Doxxing is the performative contradiction of the alt-right. It is their heartfelt demonstration that they are derelict of values or principle, and that the sum of their speech and platform amounts to opportunistic, kneejerk drivel. If the left in the US were one-tenth as violent as the right, the alt-right would be quaking in their fascist boots anytime their information was doxxed. The hypocritical move of the alt-right doxxing their imagined opponents is that their actions contradict the very thing they are supposedly fighting for: liberty, including the freedom to keep one’s privacy.
That privacy and property are so interlinked makes the right-wing doxxing of those they wish to hurt even more an act of violence against the thing they hold to be most precious. The tedious reply often used by social media big data collectors that “if you don’t have anything to hide you don’t have anything to worry about” becomes increasingly hollow in the face of armed militants who disagree that the government should have the monopoly on violence.
The notion that anyone acting politically should automatically consent to becoming the target of informational sniping only occurs in an already corroded polity. The alt-right, but especially state law enforcement, would do good to remember:
“Democracy must withstand this urge to strip citizens’ souls naked in public, for otherwise we risk erasing the freedoms that democracy provides.

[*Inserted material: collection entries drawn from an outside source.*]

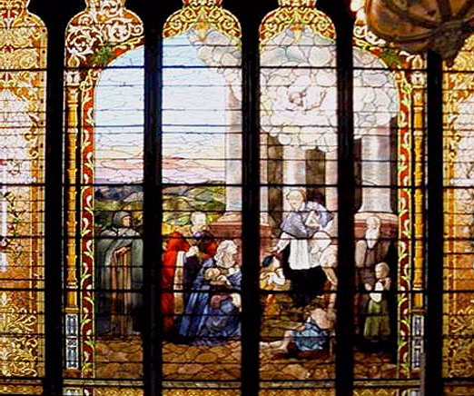 Vincent de Paul distributes charity to seven poor persons. Dressed as a canon, with violet cape. Internet image. Original in Detroit.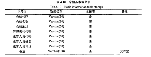 1 | 仓储基本信息表 | 仓储代码、仓储名称、仓储地址、管理机构代码、主管人员姓名、联系方式、备注 |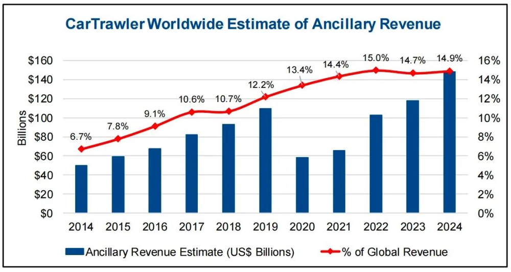 以2024年为例,报告显示,全球航空公司辅营收入将飙升至1484亿美元,贡献了14.9%的收入,廉航公司更是遥遥领先,最高达到56.4%。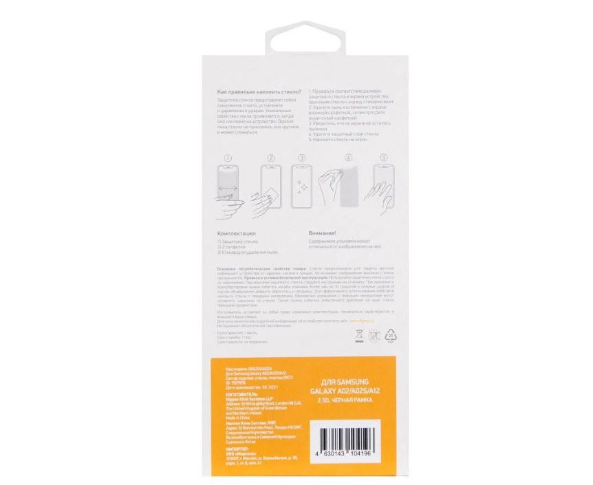 Защитное стекло Digma (DGG2SAA02A) для Samsung Galaxy A02/A02s/A12 2.5D 1шт.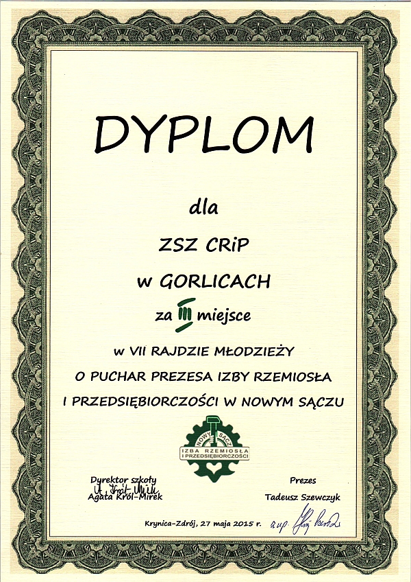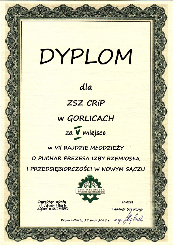 27 maja 2015 r. odbył się w Krynicy VII Rajd Młodzieży o Puchar Prezesa Izby Rzemiosła i Przedsiębiorczości w Nowym Sączu pana Tadeusza Szewczyka. W rajdzie wzięło udział sześć czternastoosobowych drużyn ze Szkół Cechowych i Izby z Nowego Sącza, Zakopanego, Limanowej, Krynicy-Zdroju i Gorlic, przy czym z Gorlic wzięło udział dwie drużyny. Więcej Fotorelacja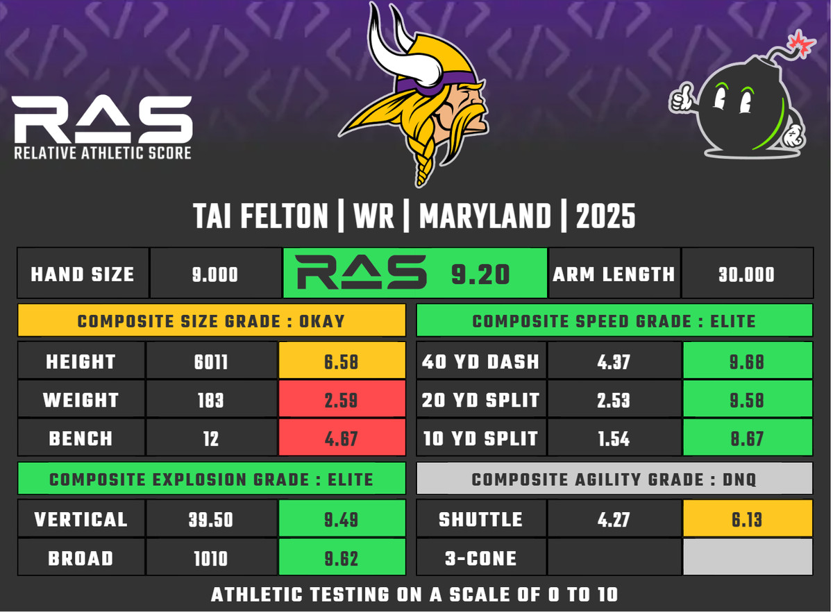 With the 102nd pick in the 2025 NFL Draft, the Minnesota Vikings selected Tai Felton, WR, Maryland. Felton was ranked #126 on the consensus board and was the 16th ranked wide receiver. He was the 14th wide receiver selected in the draft.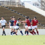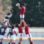 対する松山大学はラインアウトから圧力をかけペナルティーを獲得、相手陣22mまで地域を進める。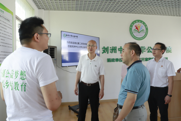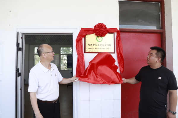 活动前,黄颂对志愿者们表示慰问,详细了解志愿者的工作情况和授课环境;并与捐建单位武汉竹江世家家具有限公司总经理刘含强一同为刘洲中心小学“公益书院”揭牌,听取了乡村小学公益书院项目的情况汇报。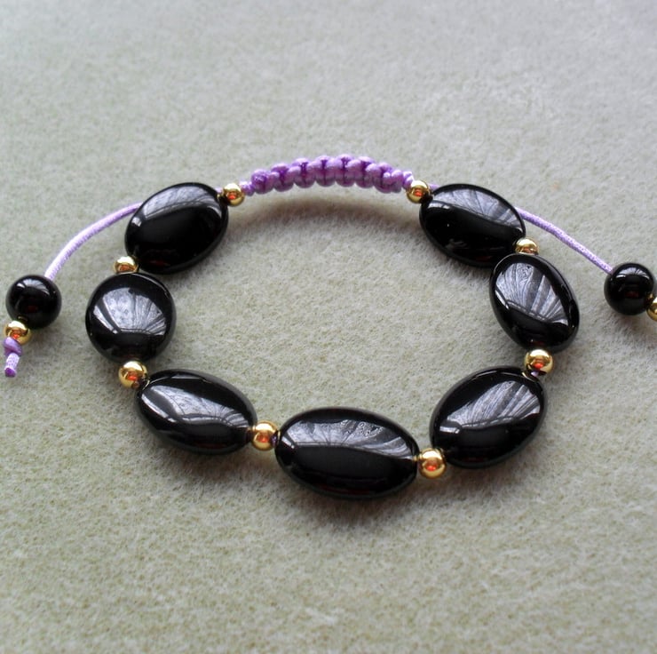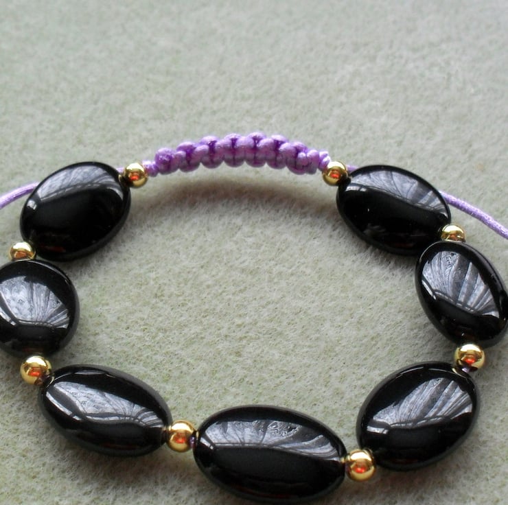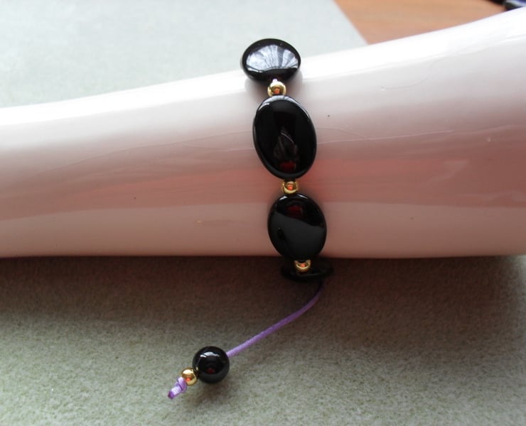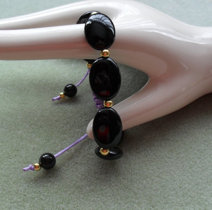 Black agate oval shaped beads and gold plated brass beads are knotted onto a lilac coloured satin cord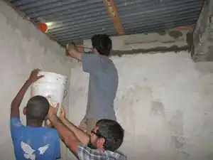 | First window: On to opposing sides of the room there were large open spaces where rain would enter the room when it rained. To cover these holes while still allowing for some ventilation we used Styrofoam and cement to create windows with spaces left in them slanted so that air may pass through them, but water may not. | ![]() ![]() |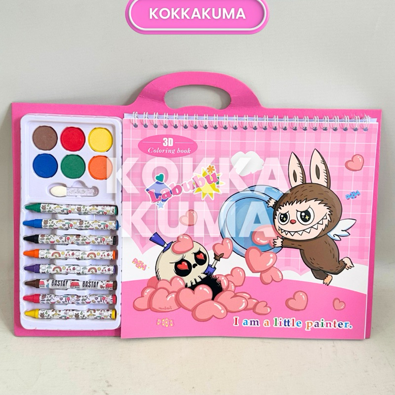 ( KKM ) LABUBU Set Mewarnai / Paket Coloring Book Set Buku mewarnai Aktifitas Warna Anak Balita Lucu isi 12 Lembar lengk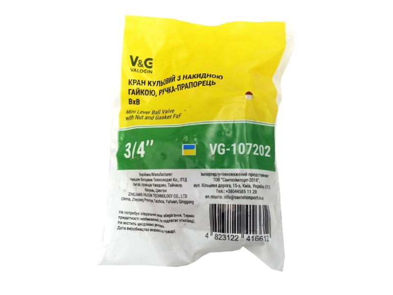 Кран кульовий Valogin прямий 3/4"ВВ з накидною гайкою VG-107202 1/16 шт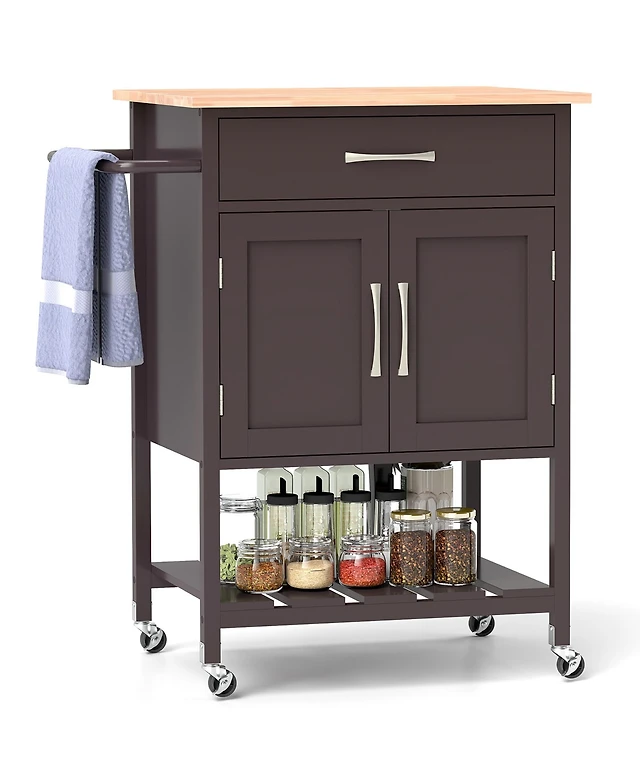 Volenca 60" Kitchen Island Cart with Wood Top, Drop Leaf, Drawers & Storage Racks.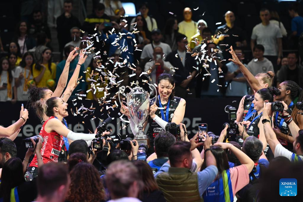 Zhu Ting (C) of Carraro Imoco Conegliano celebrates with the trophy during the awarding ceremony for the women's final between Carraro Imoco Conegliano of Italy and Savino Del Bene Scandicci of Italy at CEV Champions League Volley 2025 in Istanbul, Trkiye, May 4, 2025. (Xinhua/Liu Lei)

Distance and opacity are not inherently dangerous for democracy; instead, they can be ways of maintaining one’s sanity in situations where authority demands unity and transparency.”1
The masks of Antifa demonstrators are protections against the same tyranny of unity and transparency that the alt-right is fighting against. Only, the Antifa’s approach of non-violent protest in a sea of state and extra-state violence recommends that they be smart in their endeavor. If, as Jefferson apocryphally said, “the tree of liberty must be refreshed from time to time with the blood of patriots and tyrants,” for those who are speaking for the speechless masses, why should such a job amount to martyrdom? Why can’t we have activists who stand up for solidarity, liberty, equality, non-hate of others, and then go back quietly to their lives as private denizens?

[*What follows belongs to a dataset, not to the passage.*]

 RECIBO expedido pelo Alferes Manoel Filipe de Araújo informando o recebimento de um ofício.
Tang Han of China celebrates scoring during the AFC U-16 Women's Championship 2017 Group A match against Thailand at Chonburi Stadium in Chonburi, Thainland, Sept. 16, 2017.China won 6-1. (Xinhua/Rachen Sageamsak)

What is revealed in the alt-right inebriation with exposing others is not their morals, but their jackal-like lack of principles. They don’t believe in freedom from big government, or freedom of speech. They don’t believe in freedom of peaceful anonymous assembly. They don’t believe in privacy. No, they want these things only when it is convenient for themselves, and are willing to sacrifice them when it meets their political exigencies.
- Markovits E. The Politics of Sincerity: Plato, Frank Speech, and Democratic Judgment. University Park: Penn State University Press; 2009.
Davis, AY. Abolition Democracy: Beyond Empire, Prisons, and Torture. New York: Seven Stories Press; 2005.
MacLean N. Democracy in Chains: The Deep History of the Radical Right’s Stealth Plan for America. Reprint edition. New York, New York: Penguin Books; 2018.
Mayer, J. Dark Money: The Hidden History of the Billionaires Behind the Rise of the Radical Right. New York: Doubleday; 2016.